→ What to work on:
Please output the records below in full, exactly as given, but without the images.

□ □ □ □

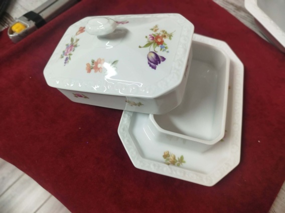 Przedmiotem sprzedaży jest piękna maselnica Rosenthal Maria Sommerstrauss, maselnica w bardzo dobrym stanie, wymiary : wys. 9 cm, szer. 21 / 14,5 cm. Sygnatura stosowana po 1978 r. Polecamy !
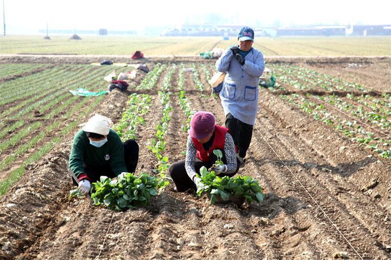 3月5日,农民在山东省聊城市茌平区贾寨镇邢胡刘村田间栽种甘蓝。
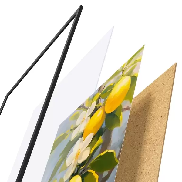 Das Poster besteht aus einem Rahmen, Plexiglas, einem gedruckten Bild und einer Rückwand aus Spanplatten. Dank der Halterungen auf der Rückseite kann das Poster sofort an die Wand gehängt werden.
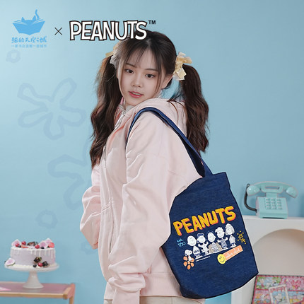 猫的天空之城史努比好事花生单肩包女学生牛仔帆布大容量通勤百搭
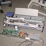 最近、印刷しているとプリンターが途中で印刷エラーで停止してしまうfーー; どうも何処かの接触が悪い感じ。USBケーブルを交換しても直らないのでプリンター本体内部のようである…順に分解していくと無事基盤が取り外せました。よく見るとUSBコネクタ裏のハンダがなんとなく浮いている。このせいでプリントヘッドが左右に動く振動によってリセットされたと断定。早速その付近のハンダを数カ所やり直したあと組み立てて動作実験。やったぁ止まらなくなったぁ〜(^^)V 正直言ってCDプリントのできるプリンターに買い換えようかなと思ってたのですが、何とか直ったしA3対応の奴は6万円以上なのでなかなか思い切れない(苦笑)
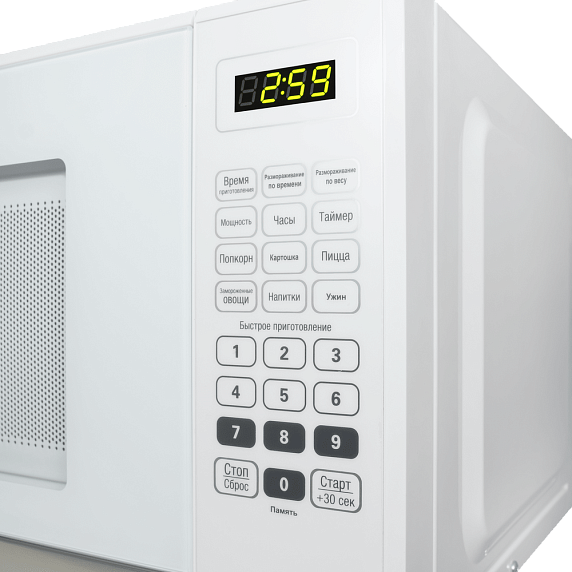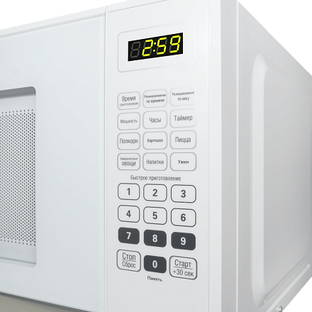 Доверьте блюда запрограммированным режимам микроволновой печи Маунфилд MFSMO.20.7 SGW. Они разработаны для приготовления картофеля, пиццы, замороженных овощей, попкорна. Можно активировать программу, которая запомнит ваш излюбленный метод обработки продуктов. У устройства 6 автоматических режимов приготовления. Прибор работает на 5 различных мощностях микроволн. Отдельно надо сказать о функции разморозки. Воздух, прогретый до 30 градусов бережно согреет полуфабрикаты, сохранив их свежесть и текстуру. Сами определяйте длительность этой операции. Не забывайте переворачивать продукт, чтобы все оттаяло равномерно.
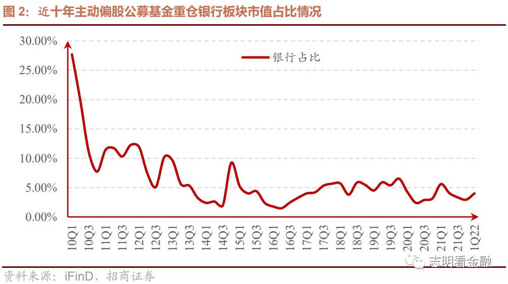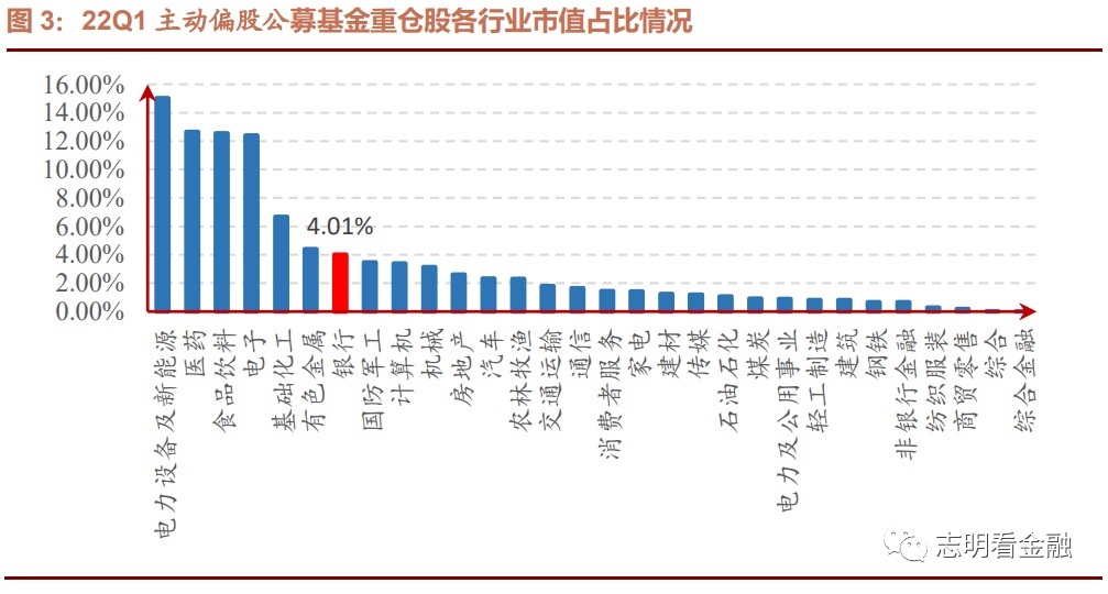 当前中证银行指数PB估值仅0.60倍,处于历史最低位;PE(TTM)估值仅5.3倍,亦处于历史低位,安全边际凸显。此外,2020年、2021年银行板块连续两年涨幅接近0,银行板块ROE达11%,当前估值修复动力较强。22Q1机构重仓股中银行板块市值占比4.0%,环比上升1.0个百分点,但考虑到一季度银行板块相对收益显著,机构实际加仓幅度较小。当前机构银行持仓比例仍处于低位,大幅低配,提升空间大。

□ □ □ □

→ Task response:
 Przedmiotem sprzedaży jest piękna maselnica Rosenthal Maria Sommerstrauss, maselnica w bardzo dobrym stanie, wymiary : wys. 9 cm, szer. 21 / 14,5 cm. Sygnatura stosowana po 1978 r. Polecamy !
 3月5日,农民在山东省聊城市茌平区贾寨镇邢胡刘村田间栽种甘蓝。
 Das Poster besteht aus einem Rahmen, Plexiglas, einem gedruckten Bild und einer Rückwand aus Spanplatten. Dank der Halterungen auf der Rückseite kann das Poster sofort an die Wand gehängt werden.
 猫的天空之城史努比好事花生单肩包女学生牛仔帆布大容量通勤百搭
 最近、印刷しているとプリンターが途中で印刷エラーで停止してしまうfーー; どうも何処かの接触が悪い感じ。USBケーブルを交換しても直らないのでプリンター本体内部のようである…順に分解していくと無事基盤が取り外せました。よく見るとUSBコネクタ裏のハンダがなんとなく浮いている。このせいでプリントヘッドが左右に動く振動によってリセットされたと断定。早速その付近のハンダを数カ所やり直したあと組み立てて動作実験。やったぁ止まらなくなったぁ〜(^^)V 正直言ってCDプリントのできるプリンターに買い換えようかなと思ってたのですが、何とか直ったしA3対応の奴は6万円以上なのでなかなか思い切れない(苦笑)
 Доверьте блюда запрограммированным режимам микроволновой печи Маунфилд MFSMO.20.7 SGW. Они разработаны для приготовления картофеля, пиццы, замороженных овощей, попкорна. Можно активировать программу, которая запомнит ваш излюбленный метод обработки продуктов. У устройства 6 автоматических режимов приготовления. Прибор работает на 5 различных мощностях микроволн. Отдельно надо сказать о функции разморозки. Воздух, прогретый до 30 градусов бережно согреет полуфабрикаты, сохранив их свежесть и текстуру. Сами определяйте длительность этой операции. Не забывайте переворачивать продукт, чтобы все оттаяло равномерно.
 当前中证银行指数PB估值仅0.60倍,处于历史最低位;PE(TTM)估值仅5.3倍,亦处于历史低位,安全边际凸显。此外,2020年、2021年银行板块连续两年涨幅接近0,银行板块ROE达11%,当前估值修复动力较强。22Q1机构重仓股中银行板块市值占比4.0%,环比上升1.0个百分点,但考虑到一季度银行板块相对收益显著,机构实际加仓幅度较小。当前机构银行持仓比例仍处于低位,大幅低配,提升空间大。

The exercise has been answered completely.